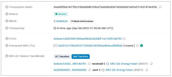 The system has been implemented on the Ethereum Sepolia testnet, selected due to its compatibility with the functionalities of the Ethereum mainnet while providing a cost-effective and low-risk environment for the purposes of development and testing. The network is supported by Ethereum’s Proof-of-Stake consensus mechanism, which enhances energy efficiency and fosters environmental sustainability. The choice of this particular network was informed by multiple criteria. Among these is its transaction capacity, which stands at approximately 15 transactions per second, deemed adequate for the frequency and volume of energy trading activities. Furthermore, Sepolia’s Gas Commission is characterized by predictability and economic feasibility, allowing for accurate economic modeling of transaction expenses. Additionally, the Ethereum Ecosystem offers a well-established suite of tools for community development, documentation, and support, which facilitates optimized integration and deployment. Moreover, the platform exhibits a strong history of security, with resistance mechanisms that mitigate various common types of network attacks.
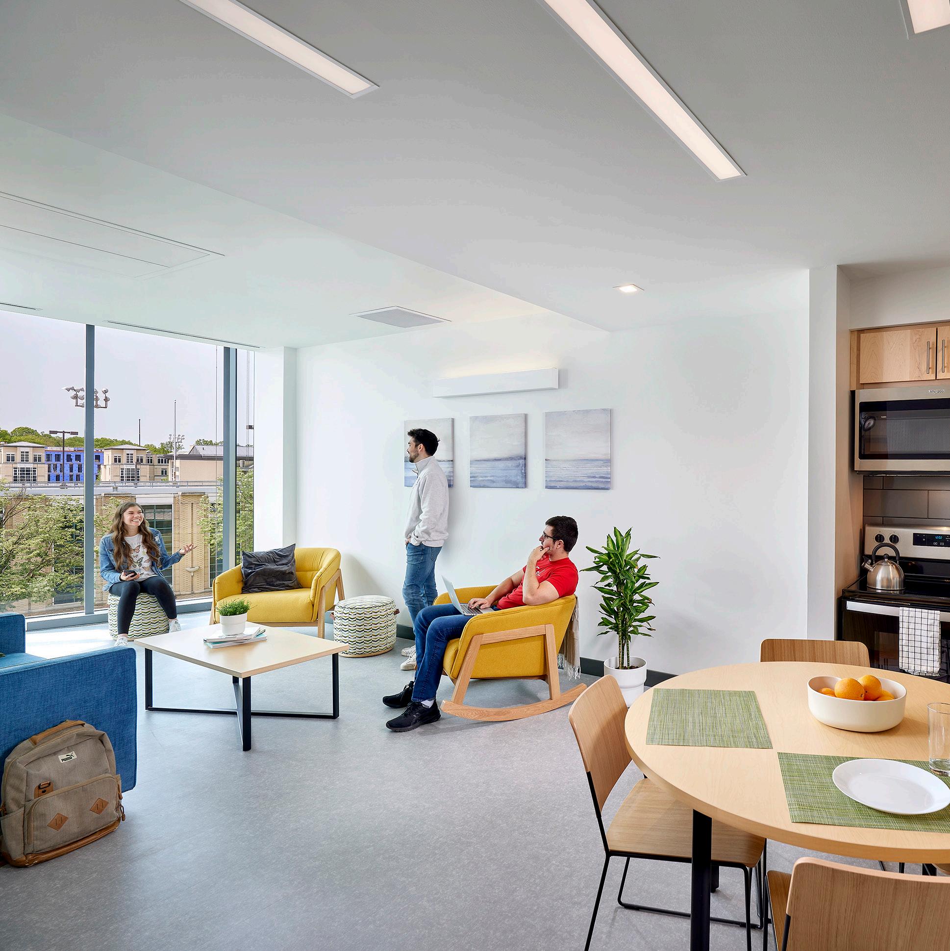 Below: The Forbes Beeler Apartments at Carnegie Mellon University (CMU) was designed with equity in mind and accommodates a variety of rooming preferences. Stakeholder engagement sessions determined that each unit would be equipped with two kitchens and bathrooms so students share with a maximum of four others. A common living and dining space is the central social feature of the unit.
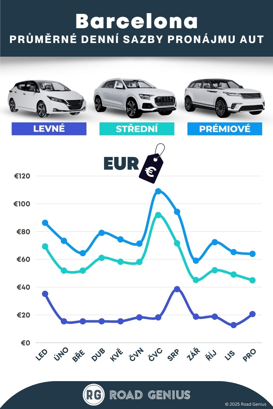 Průměrně stojí pronájem auta v Barceloně přibližně 52 € za den, přičemž nejlevnější pronájmy jsou k dispozici od 13 € za den.
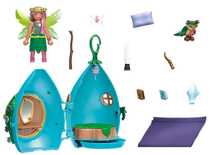 In the mystical forest, the Forest Fairies and their soul animals feel especially at home. This enchanting Forest Fairy and her beloved companion, the leafy owl, call a cozy Fairy Hut their home. When it’s time to go to sleep, the fairy combs her hair in front of the mirror, takes off her leafy skirt and slips into her warm bed of leaves. The small flower lamp above the bed provides light. Now it’s time to close the door and off to the land of dreams. The playset consists of a Forest Fairy with a leafy owl soul animal, a Fairy Hut with lockable door and glowing flower lantern, a sticker sheet with glittering star stickers and many other enchanting extras. Leaf skirt and belt can be removed. The Fairy Hut can be hung in the children’s room or on the Fairy Community Tree.

Problem to solve>
Everything in the listing must be copied exactly except the pictures.

Result of this task>
 The system has been implemented on the Ethereum Sepolia testnet, selected due to its compatibility with the functionalities of the Ethereum mainnet while providing a cost-effective and low-risk environment for the purposes of development and testing. The network is supported by Ethereum’s Proof-of-Stake consensus mechanism, which enhances energy efficiency and fosters environmental sustainability. The choice of this particular network was informed by multiple criteria. Among these is its transaction capacity, which stands at approximately 15 transactions per second, deemed adequate for the frequency and volume of energy trading activities. Furthermore, Sepolia’s Gas Commission is characterized by predictability and economic feasibility, allowing for accurate economic modeling of transaction expenses. Additionally, the Ethereum Ecosystem offers a well-established suite of tools for community development, documentation, and support, which facilitates optimized integration and deployment. Moreover, the platform exhibits a strong history of security, with resistance mechanisms that mitigate various common types of network attacks.
 Below: The Forbes Beeler Apartments at Carnegie Mellon University (CMU) was designed with equity in mind and accommodates a variety of rooming preferences. Stakeholder engagement sessions determined that each unit would be equipped with two kitchens and bathrooms so students share with a maximum of four others. A common living and dining space is the central social feature of the unit.
 Průměrně stojí pronájem auta v Barceloně přibližně 52 € za den, přičemž nejlevnější pronájmy jsou k dispozici od 13 € za den.
 In the mystical forest, the Forest Fairies and their soul animals feel especially at home. This enchanting Forest Fairy and her beloved companion, the leafy owl, call a cozy Fairy Hut their home. When it’s time to go to sleep, the fairy combs her hair in front of the mirror, takes off her leafy skirt and slips into her warm bed of leaves. The small flower lamp above the bed provides light. Now it’s time to close the door and off to the land of dreams. The playset consists of a Forest Fairy with a leafy owl soul animal, a Fairy Hut with lockable door and glowing flower lantern, a sticker sheet with glittering star stickers and many other enchanting extras. Leaf skirt and belt can be removed. The Fairy Hut can be hung in the children’s room or on the Fairy Community Tree.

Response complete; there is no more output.